A firm has the production function TC = 120 + 0.1q² and sells its output in two separate markets with demand functions
q_{1} = 800 − 2 p_{1} and q_{2} = 750 − 2.5 p_{2}
Find the profit-maximizing output and sales in each market, using the Hessian to check second-order conditions for a maximum.
From the two demand schedules we can derive
p_{1} = 400 − 0.5q_{1} TR_{1} = 400q_{1} − 0.5q_{1}^2 MR_{1} = 400 − q_{1}
p_{2} = 300 − 0.4q_{2} TR_{2} = 300q_{2} − 0.4q_{2}^2 MR_{2} = 300 − 0.8q_{2}
Given that total output q = q_{1} + q_{2} then
TC = 120 + 0.1q² = 120 + 0.1(q_{1} + q_{2} )²
= 120 + 0.1q_{1}^2 + 0.2q_{1}q_{2} + 0.1q_{2}^2
Therefore
π = TR_{1} + TR_{2} − TC
= 400q_{1} − 0.5q_{1} ^2 + 300q_{2} − 0.4q_{2}^2 − 120 − 0.1q_{1}^2 − 0.2q_{1}q_{2} − 0.1q_{2}^2
= 400q_{1} − 0.6q_{1}^2 + 300q_{2} − 0.5q_{2}^2 − 120 − 0.2q_{1}q_{2}
FOC for a maximum require
\frac{\partial \pi }{\partial q_1} = 400 − 1.2q_{1} − 0.2q_{2} = 0 therefore 400 = 1.2q_{1} + 0.2q_{2} (1)
\frac{\partial \pi }{\partial q_2} = 300 − q_{2} − 0.2q_{1} = 0 therefore 300 = 0.2q_{1} + q_{2} (2)
To find the optimum values that satisfy the FOC, the simultaneous equations (1) and (2) can be set up in matrix format as
Aq = \begin{bmatrix}1.2 &0.2 \\ 0.2 &1 \end{bmatrix}\begin{bmatrix}q_1 \\ q_2 \end{bmatrix} = \begin{bmatrix}400\\ 300 \end{bmatrix} = b
Using Cramer’s rule to solve for the sales in each market gives
q_1 = \frac{\begin{vmatrix} 400 &0.2\\ 300 &1 \end{vmatrix} }{\begin{vmatrix}1.2 &0.2 \\ 0.2 &1 \end{vmatrix} } = \frac{400 – 60}{1.2 – 0.04} = \frac{340}{1.16} = 293.1
q_2 = \frac{\begin{vmatrix} 1.2 &400\\ 0.2 &300 \end{vmatrix} }{\begin{vmatrix}1.2 &0.2 \\ 0.2 &1 \end{vmatrix} } = \frac{360 – 80}{1.2 – 0.04} = \frac{280}{1.16} = 241.4
To check the second-order conditions we return to the first-order partial derivatives and then find the second-order partial derivatives and the cross partial derivatives.
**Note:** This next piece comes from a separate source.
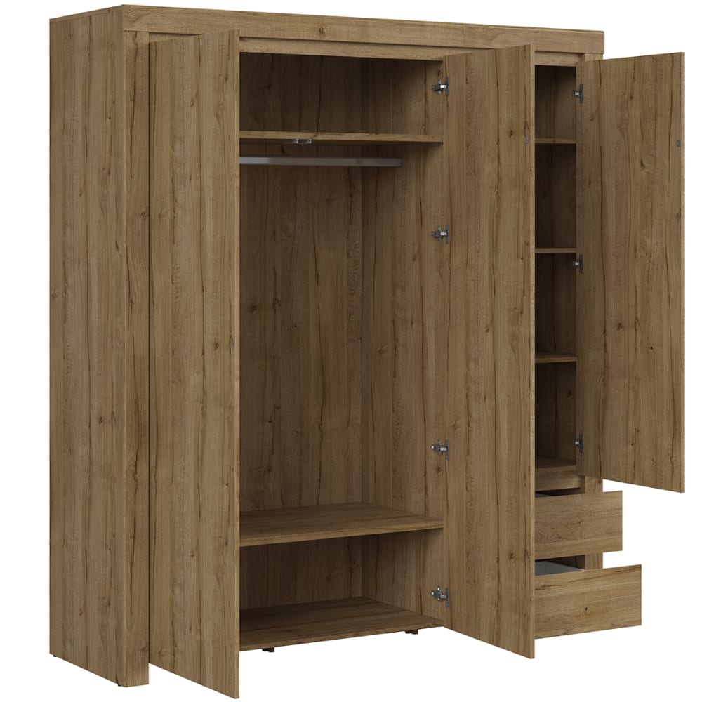 Schrank 3 Türen 2 Schubladen Hella HolzEuropäische Herstellung Kollektion :: Hella Materialien : Spanplatten Farbe : Holz in Waterford-Eichenoptik Eigenschaften: 3 Türen2 Schubladen3 kleine Regale2 große Regale1 Garderobe“Push to open“-ÖffnungssystemGeräuschloses Schließsystem Gewicht und Abmessungen des Produkts : 149 kg181 x 57 x 203 cm Verpackung : Produkt wird zur Montage geliefert, inkl. Anleitung Garantie: 12 Monate Gesamtanzahl der Kartons : 6

Thus, from
\frac{\partial \pi }{\partial q_1} = 400 − 1.2q_{1} − 0.2q_{2} and \frac{\partial \pi }{\partial q_2} = 300 − q_{2} − 0.2q_{1}
we get
\frac{\partial^2 \pi }{\partial q_1^2} = −1.2 \frac{\partial^2 \pi }{\partial q_1\partial q_2} = −0.2 \frac{\partial ^2\pi }{\partial q_2^2} = −1 \frac{\partial^2 \pi }{\partial q_2\partial q_1} = −0.2
The Hessian matrix is therefore
H = \begin{bmatrix} \pi_{11} & \pi_{12} \\ \pi_{21} & \pi_{22} \end{bmatrix} = \begin{bmatrix}-1.2 & -0.2 \\ -0.2 & -1 \end{bmatrix}
and the determinants of the principal minors are
\left|H_1\right| = −1.2 < 0
and
\left|H_2\right| = \begin{vmatrix}-1.2 &-0.2 \\ -0.2 & -1 \end{vmatrix} = 1.2 − 0.04 = 1.16 > 0
As \left|H_1\right| < 0 and \left|H_2\right| > 0 the Hessian is negative definite. Therefore SOC for a maximum are met.